[Data items]
......

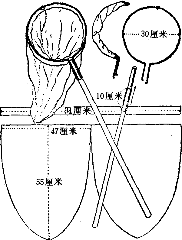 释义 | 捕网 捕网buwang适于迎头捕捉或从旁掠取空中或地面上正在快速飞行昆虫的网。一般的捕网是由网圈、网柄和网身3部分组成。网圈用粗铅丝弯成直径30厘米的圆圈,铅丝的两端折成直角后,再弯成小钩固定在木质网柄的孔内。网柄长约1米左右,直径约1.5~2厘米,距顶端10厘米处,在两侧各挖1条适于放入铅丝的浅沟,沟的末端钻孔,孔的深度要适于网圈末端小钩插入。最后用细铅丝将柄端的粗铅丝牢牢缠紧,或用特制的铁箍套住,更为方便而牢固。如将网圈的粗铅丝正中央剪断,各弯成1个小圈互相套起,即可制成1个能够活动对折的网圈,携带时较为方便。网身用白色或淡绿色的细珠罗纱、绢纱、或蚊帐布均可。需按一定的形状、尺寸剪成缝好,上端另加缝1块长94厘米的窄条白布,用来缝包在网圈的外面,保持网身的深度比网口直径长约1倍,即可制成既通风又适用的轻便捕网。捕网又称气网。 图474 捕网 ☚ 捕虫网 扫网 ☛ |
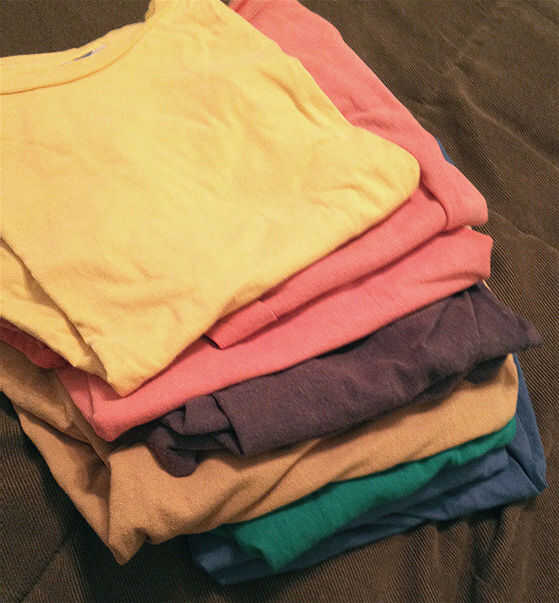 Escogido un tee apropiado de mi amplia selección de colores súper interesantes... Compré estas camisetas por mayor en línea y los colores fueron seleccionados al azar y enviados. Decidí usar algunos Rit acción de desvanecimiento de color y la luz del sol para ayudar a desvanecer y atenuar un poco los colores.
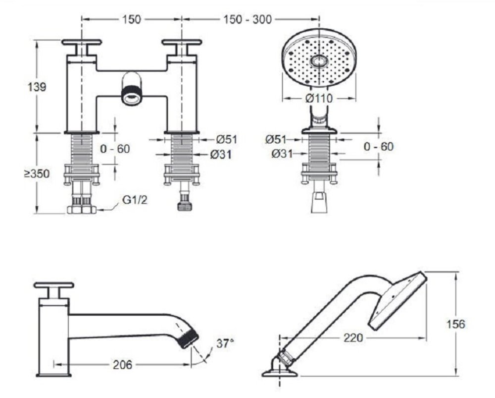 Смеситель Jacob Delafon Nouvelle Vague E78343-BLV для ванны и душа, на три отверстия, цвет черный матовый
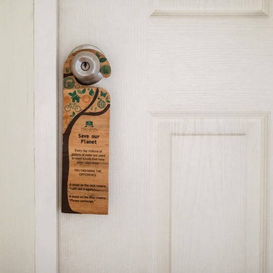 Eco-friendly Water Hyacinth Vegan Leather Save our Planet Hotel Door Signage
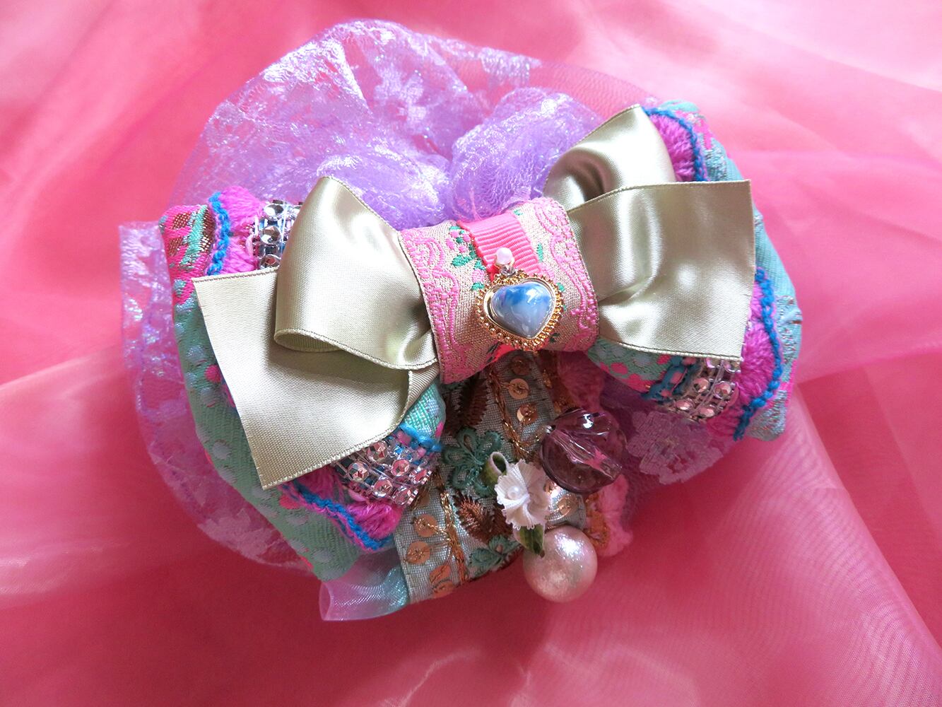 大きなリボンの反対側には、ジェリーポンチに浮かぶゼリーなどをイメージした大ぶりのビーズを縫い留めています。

......

• [TASK STATEMENT]:
What's needed is an exact retyping of the records, pictures excluded.

• [WRITTEN ANSWER]:
 释义 | 捕网 捕网buwang适于迎头捕捉或从旁掠取空中或地面上正在快速飞行昆虫的网。一般的捕网是由网圈、网柄和网身3部分组成。网圈用粗铅丝弯成直径30厘米的圆圈,铅丝的两端折成直角后,再弯成小钩固定在木质网柄的孔内。网柄长约1米左右,直径约1.5~2厘米,距顶端10厘米处,在两侧各挖1条适于放入铅丝的浅沟,沟的末端钻孔,孔的深度要适于网圈末端小钩插入。最后用细铅丝将柄端的粗铅丝牢牢缠紧,或用特制的铁箍套住,更为方便而牢固。如将网圈的粗铅丝正中央剪断,各弯成1个小圈互相套起,即可制成1个能够活动对折的网圈,携带时较为方便。网身用白色或淡绿色的细珠罗纱、绢纱、或蚊帐布均可。需按一定的形状、尺寸剪成缝好,上端另加缝1块长94厘米的窄条白布,用来缝包在网圈的外面,保持网身的深度比网口直径长约1倍,即可制成既通风又适用的轻便捕网。捕网又称气网。 图474 捕网 ☚ 捕虫网 扫网 ☛ |
 Escogido un tee apropiado de mi amplia selección de colores súper interesantes... Compré estas camisetas por mayor en línea y los colores fueron seleccionados al azar y enviados. Decidí usar algunos Rit acción de desvanecimiento de color y la luz del sol para ayudar a desvanecer y atenuar un poco los colores.
 Смеситель Jacob Delafon Nouvelle Vague E78343-BLV для ванны и душа, на три отверстия, цвет черный матовый
 Eco-friendly Water Hyacinth Vegan Leather Save our Planet Hotel Door Signage
 大きなリボンの反対側には、ジェリーポンチに浮かぶゼリーなどをイメージした大ぶりのビーズを縫い留めています。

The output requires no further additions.